聽郭榮這麼一說,馮道很受感動,對郭榮鄭重地拜了幾拜。他對郭榮說道:“老臣出仕之後,歷經數代,只有先帝和陛下能夠仁慈對待百姓,不對他們肆意欺凌,設身處地地幫他們改善生活。老臣本想糊塗度日,卻被先帝和陛下打動,竭心盡力,爲咱們大周謀算。如今雖然因爲年齡和身體願意,退守林下,卻也願爲我大周搖旗吶喊、穩定民心。”
在送走了相對滿意的郭榮之後,馮道將董遵誨留了下來,對他說道:“最近不知怎麼,總想回憶往事,也想找個人好好聊聊天。今天你應該也沒有大事要辦,就陪陪我這個糟老頭子吧!”
董遵誨連忙答應下來,歷史上馮道因爲反對北伐一事心結未解、鬱鬱而終,現在看來,總算還有些精神。也許等他閒了下來,沒有繁雜的政務要處理,不再勞心勞力的他也許還能多活十多年呢!
馮道對董遵誨說道:“我剛剛出仕的時候,投靠了號稱‘燕帝’的劉守光,當時我還是個愣頭青,甭管主上接不接受,時不時給他提些意見。而且當時我也是以魏徵爲偶像,遇事就直言相勸。於是……”
董遵誨好奇地問道:“於是您就升官了?”
馮道大笑,“於是我就被打入死牢,隨時可能會被問斬。也許這種生存狀態提醒了我,讓我以後總是在保全自己的基礎上再來委婉勸誡,後來我被朋友設法營救出來,再後來雖然沒有青雲直上,卻也算是出人頭地。”
“所以您就保持這個節儉的習慣,來隨時提醒自己?”董遵誨好奇地問道,自從他離開隨州來到馮府,就發覺馮道對自己很是儉約,從不捨得購置些奢華物品。
馮道自失地一笑,點頭說道:“也許是吧,當年我做隨軍掌書記,住在茅草棚裡,還沒到分配牀和臥具的級別,就是睡在草垛上。
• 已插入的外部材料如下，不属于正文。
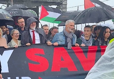 El fundador de Wikileaks , Julian Assange, su esposa Stella y su hermano Gabriel Shipton se unieron a la periodista australiana Mary Kostakidis y, según estimaciones de la policía, a otras 90.000 personas, pero según los organizadores hasta 300.000, para marchar por el Puente del Puerto de Sydney el domingo para exigir el fin del genocidio de Israel en Gaza.
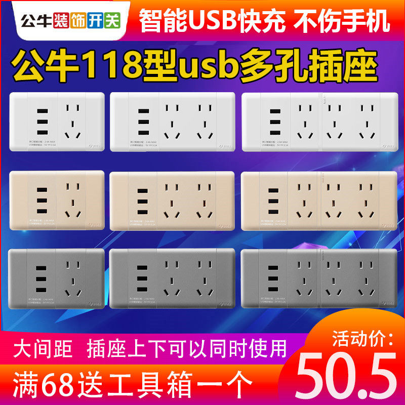 Multi-function socket with usb charging 118 type bull concealed household wall rectangular free combination panel
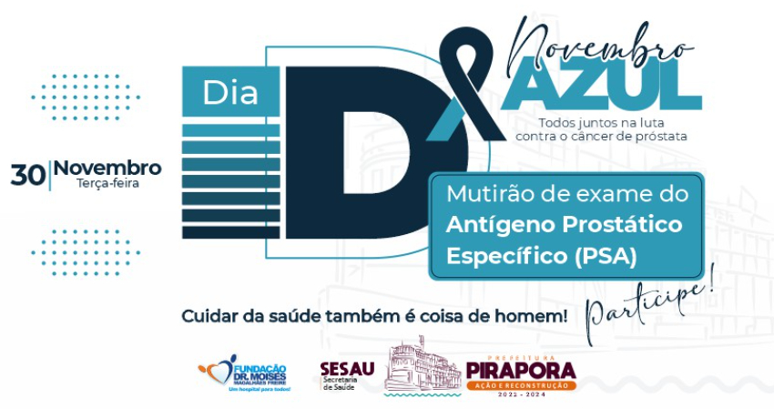 A Prefeitura de Pirapora, por meio da Secretaria de Saúde – SESAU, em parceria com o CEAE e Fundação Hospitalar Dr. Moises Magalhaes Freire, realizam hoje, 30/11, um mutirão de exame do Antígeno Prostático Específico (PSA).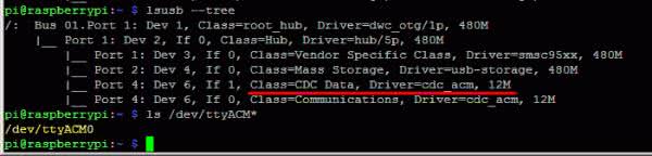 W systemie Linux komenda lsusb –tree wyświetli drzewo urządzeń USB a ls /dev/ttyACM* pokaże wszystkie urządzenia CDC (rysunek 6).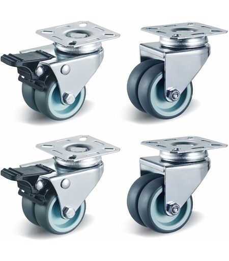 BAMNY Liferun 4 pcs Double Roulettes Pivotantes, Roulettes Transports 50 mm, Roulettes de Meuble avec Frein, sans Bruit, Capacité de Charge 400 kg, 2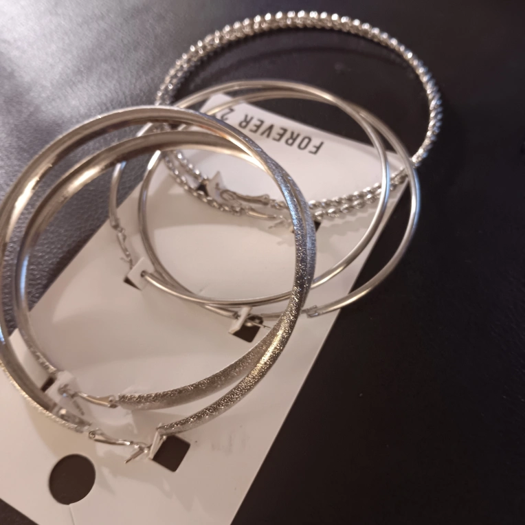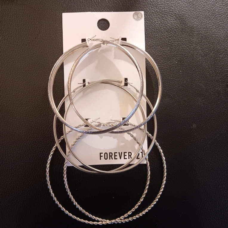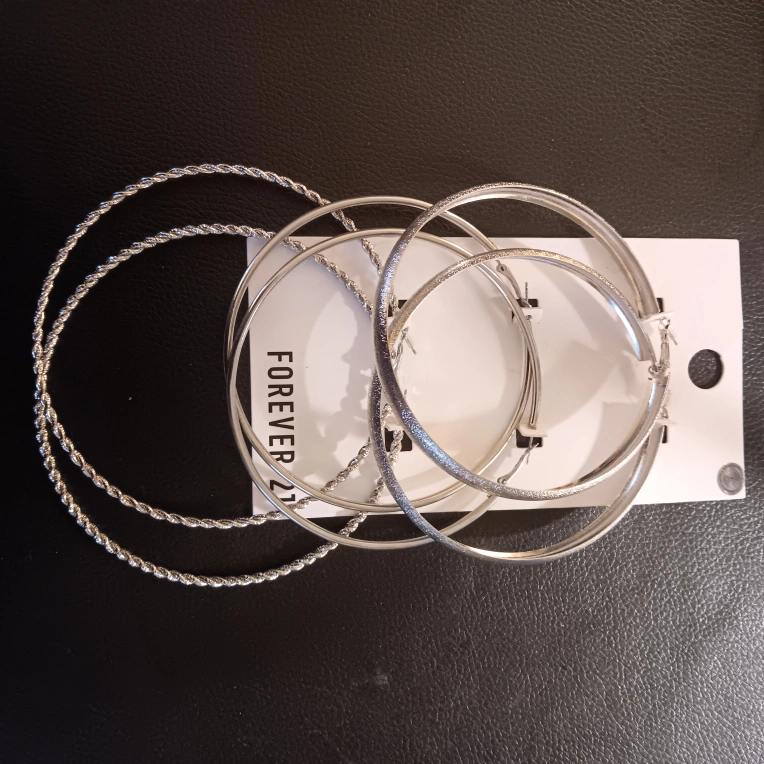 Set of three pierced Xtra large silver plated hoop earrings. one plain hoops, one textured hoop, and one rope chain hoop. ABC= Always Be Cute!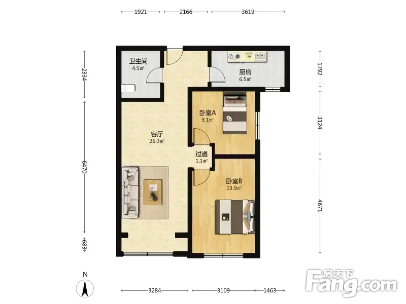 户型齐全,主打明厨,明卫,客厅朝南,全明格局二居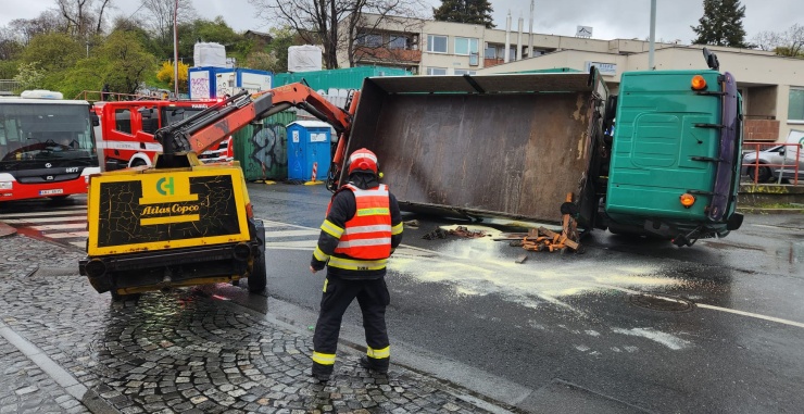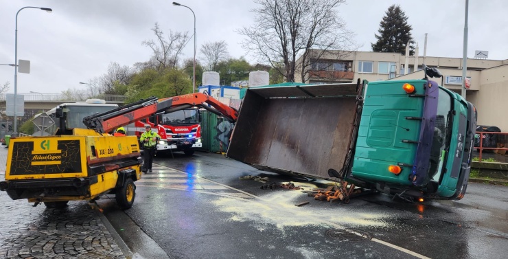 PRAHA – V ulici Chelčického v Praze 3 zasahují složky Integrovaného záchranného systému ČR u převráceného nákladního vozu u vjezdu na stavbu.

後來俸祿多了,倒也請了些隨從、僕役,照樣有錢大家花、有飯大家吃,也沒有搞什麼特殊,卻從來沒覺得清貧。其實就是這樣,就算攬下再多的財物,一朝身死,萬事皆空。兒孫自有兒孫福,如果全指望你留下的父蔭過日子,那還不如讓他平凡度日,免得牽扯進複雜的官場漩渦中。”
董遵誨連連點頭,笑着說道:“我過去聽人說(歷史書上的記載),過去有人給您送搶來的美女,您都設法推辭掉了,實在是退卻不開的,就另外找間屋子養着,日後送她們返鄉。而您在(喪父後)辭去翰林學士返回故里時,正值大旱,您傾盡家財賑濟鄉民,親自耕田背柴,並幫助鰥寡孤獨耕地。您的這些舉動,十分值得我學習!”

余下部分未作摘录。